Our submission entitled "Workload-driven, Lazy Discovery of Data Dependencies for Query Optimization" was accepted to the CIDR 2022 conference.
Workload-driven, Lazy Discovery of Data Dependencies for Query Optimization
Jan Kossmann, Felix Naumann, Daniel Lindner, Thorsten Papenbrock
Effective query optimization is the backbone of relational database systems; query optimizers use all manners of tricks, from specialized auxiliary data structures over caching and batch processing to the use of secondary metadata. Nevertheless, these systems do not fully exploit the potential of data dependencies, although dozens of such dependency-based query optimization techniques exist. This disregard occurs because the required data dependencies are, in practice, hard to find and hard to maintain.

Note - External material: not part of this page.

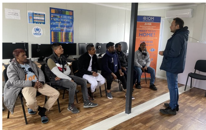
AVRR COUNSELLING SESSION.
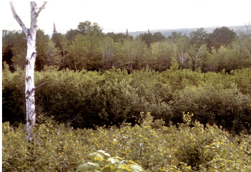
Figure 1. Regenerating stands of forest in the seedling/sapling (foreground) and pole stages (middle of photo) provide excellent habitat for many species dependent on early-successional habitats.

Second, the regeneration stage, in terms of age, starts right after a timber harvest or other type of disturbance and lasts from 10 to 15 years depending on which forest type, or forest community, is involved. Young forest habitat starts at age 10 to 15 years and continues to 40 or 50 years, again depending on the community involved.

This paper presents our vision of a workload-driven, lazy dependency discovery system for query optimization. We propose a lightweight approach that identifies relevant data dependency candidates based on actually executed query plans, validates the candidates dynamically against the database, and maintains the results using different strategies that also exploit concepts of columnar DBMSs. Our evaluation demonstrates the feasibility of this approach and the potential of dependency-based optimizations using a prototypical implementation in Hyrise that implements three exemplary dependency-based optimization techniques.